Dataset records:
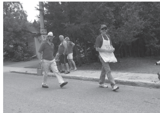
SYDENHAM Canada Day Parade
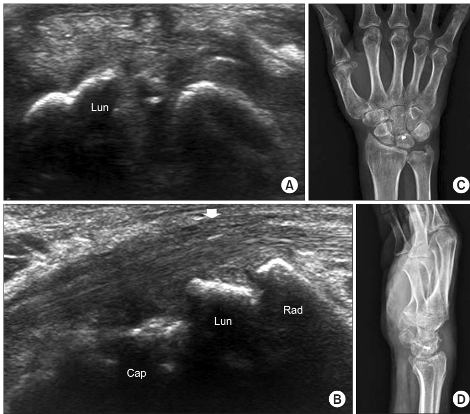
Fig. 4. Ultrasound images (A, transverse; B, longitudinal) and plain radiographs (C, anterior-posterior; D, lateral) at the wrist 1-year post-operation show good carpal bone alignment and a non-compressed median nerve (white arrow).

cation can lead to late complications, including median neuropathy, avascular necrosis, and osteoarthritis of the carpal bone. The reported rate of median nerve injury by lunate dislocation ranges from 24%–45% [7].
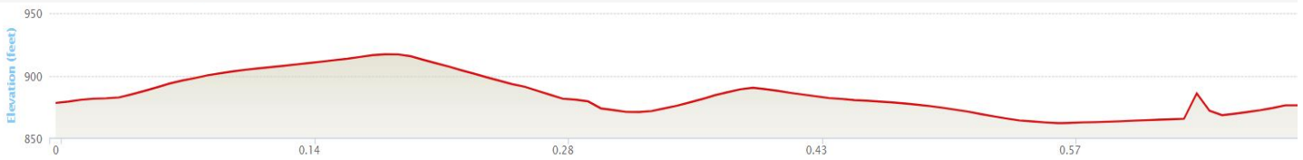
COURSE MAP 2 MapMyRide The course is 1.4 km, figure 8
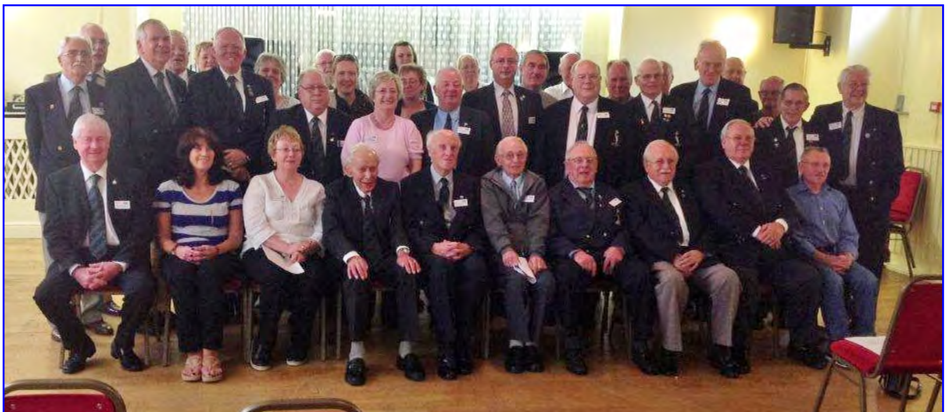
After the AGM in 2012
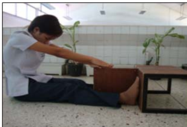
Figure 1. Trunk flexometer for indicating back and hamstring flexibility (sit and reach).

The study was designed as a double blind randomized controlled trial in which subjects randomly received 6 weeks of aquatic exercise or no aquatic exercise. Subjects in both groups did not have some medicine, physiotherapy, acupuncture and others treatment.
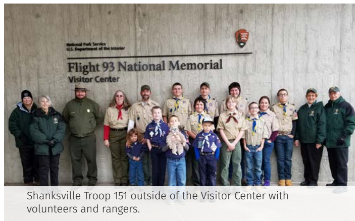
Shanksville Troop 151 outside of the Visitor Center with volunteers and rangers.
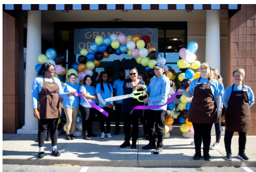
Ribbon Cutting, Nothing Bundt Cakes

Organize and implement the Ambassador Program . Identify additional ways in which the Ambassadors can effectively help the chamber achieve its mission.
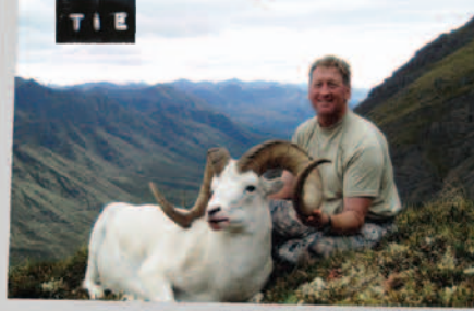
Byron Whitney Dalls Sheep - 160 2/8 Snake River, British Columbia August 2009
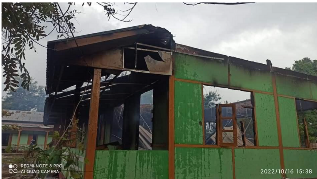
Figure 3: Images of a burnt green building show the geolocated school in the background.

Additionally, Myanmar Witness geolocated footage taken on 16 October of the burnt school. The geolocation of the destroyed buildings in this footage matches the coordinates for the school.
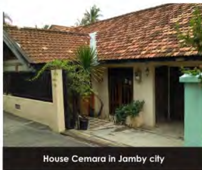
House Cemara in Jambi city
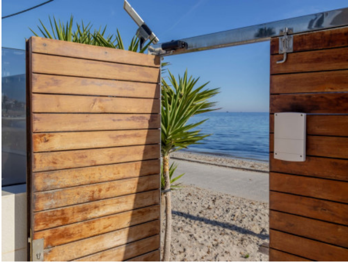
Access to the beach
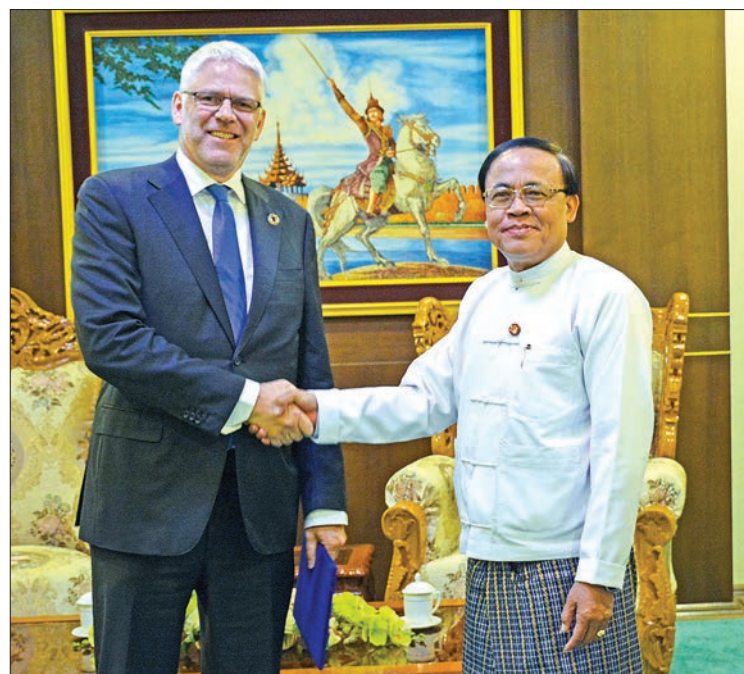
Union Minister U Kyaw Tin shakes hands with Mr Ola Almgren, United Nations Resident Coordinator to Myanmar, in Nay Pyi Taw.

cooperation between Myanmar and the United Nations in Myanmar's efforts for peace and national reconciliation, democracy and development and the implementation of Myanmar Sustainable Development Plan (MSDP), the role of the new Resident Coordinator system of the United Nations and the efforts of the Government of Myanmar for repatriation of displaced persons from Rakhine State and creating conducive environment for returnees.—MNA
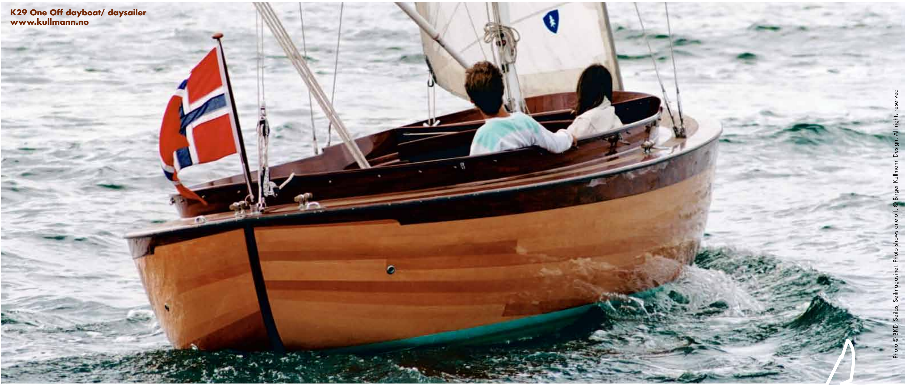
Photo shows one off.

K29 One Off dayboat/ daysailer www.kullmann.no
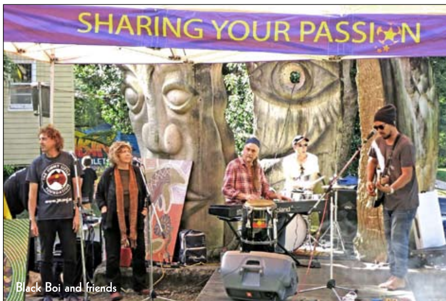
Black Boi and friends

A couple of hundred people enjoyed an incredible feast, with roo stew, salad, BBQ and pumpkin soup put on by a dream team from the Cultural Centre, the NNIC Soup Kitchen and Nimbin Aged Care and Respite Services.
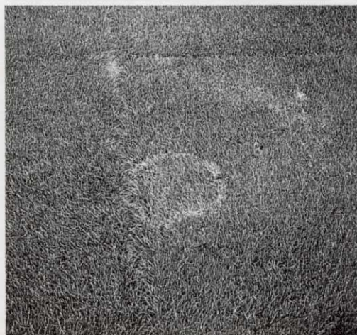
Fig. 1. A circular ring of mycelium of Rhizoctonia solani infecting perennial ryegrass mowed at fairway height.
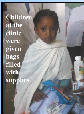
Children at the clinic were given bags filled with supplies
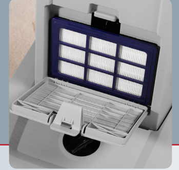
A HEPA 13 filter is optional for all models in this series so that the machine can be used where maximum dust filtration is required
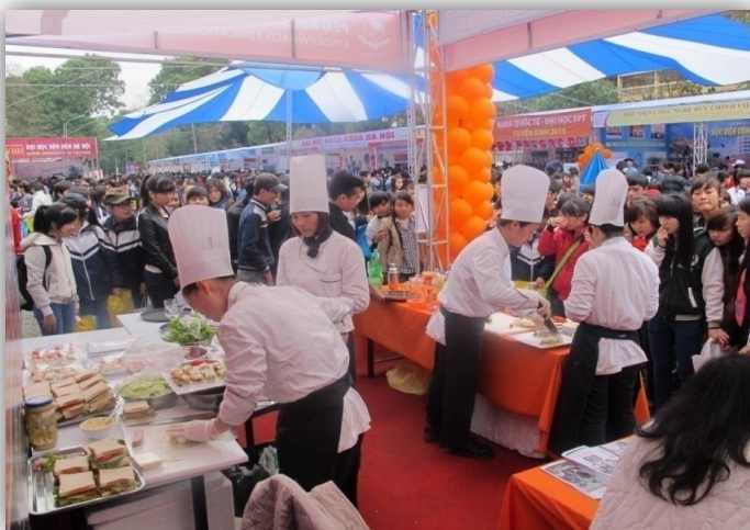
Open Day 2014 in Hanoi
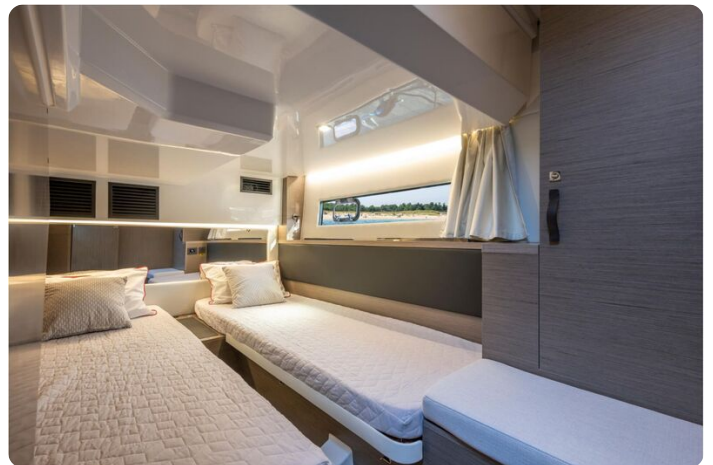
Jeanneau Merry Fisher 1295 Coupe - 2nd cabin
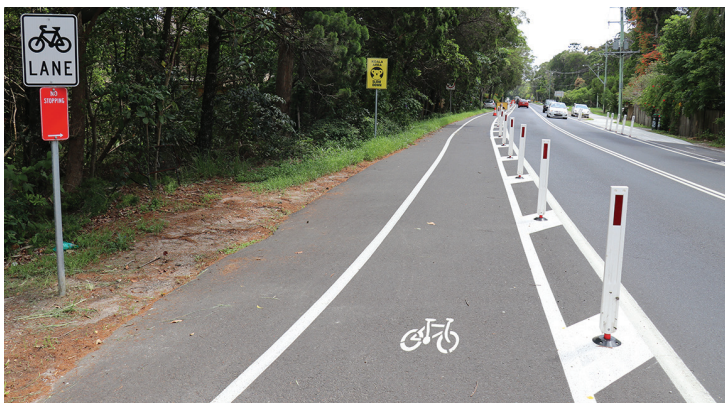
Byron Bay to Suffolk Park cycleway
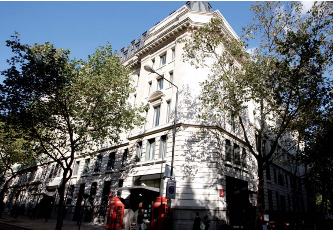
Executive Public Policy Training Programme, Beijing 2008

The partnerships developed by LSE go beyond simple declarations of shared purpose. They involve formal collaboration and exchange in teaching, research and other initiatives. Partnership activities enable LSE to have a direct engagement with other countries and serve to enrich immeasurably the international learning experience of all participants. LSE partnerships link together to offer a network of global excellence in academic exchange and programming.
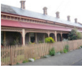
Thanet Terrace, (formerly Thanet Cottages), 34-44 Learmonth Street Queenscliff
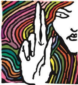
Hungarian Helsinki Committee
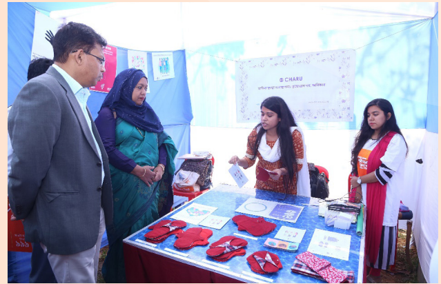
The winners of the Innovators Against Gender Based Violence Competition launch their product.

◆ **Required work**: Search the entries above for the string "Myanmar". Copy each line that holds it.

◆ **Exercise output**:
Additionally, Myanmar Witness geolocated footage taken on 16 October of the burnt school. The geolocation of the destroyed buildings in this footage matches the coordinates for the school.
Union Minister U Kyaw Tin shakes hands with Mr Ola Almgren, United Nations Resident Coordinator to Myanmar, in Nay Pyi Taw.
cooperation between Myanmar and the United Nations in Myanmar's efforts for peace and national reconciliation, democracy and development and the implementation of Myanmar Sustainable Development Plan (MSDP), the role of the new Resident Coordinator system of the United Nations and the efforts of the Government of Myanmar for repatriation of displaced persons from Rakhine State and creating conducive environment for returnees.—MNA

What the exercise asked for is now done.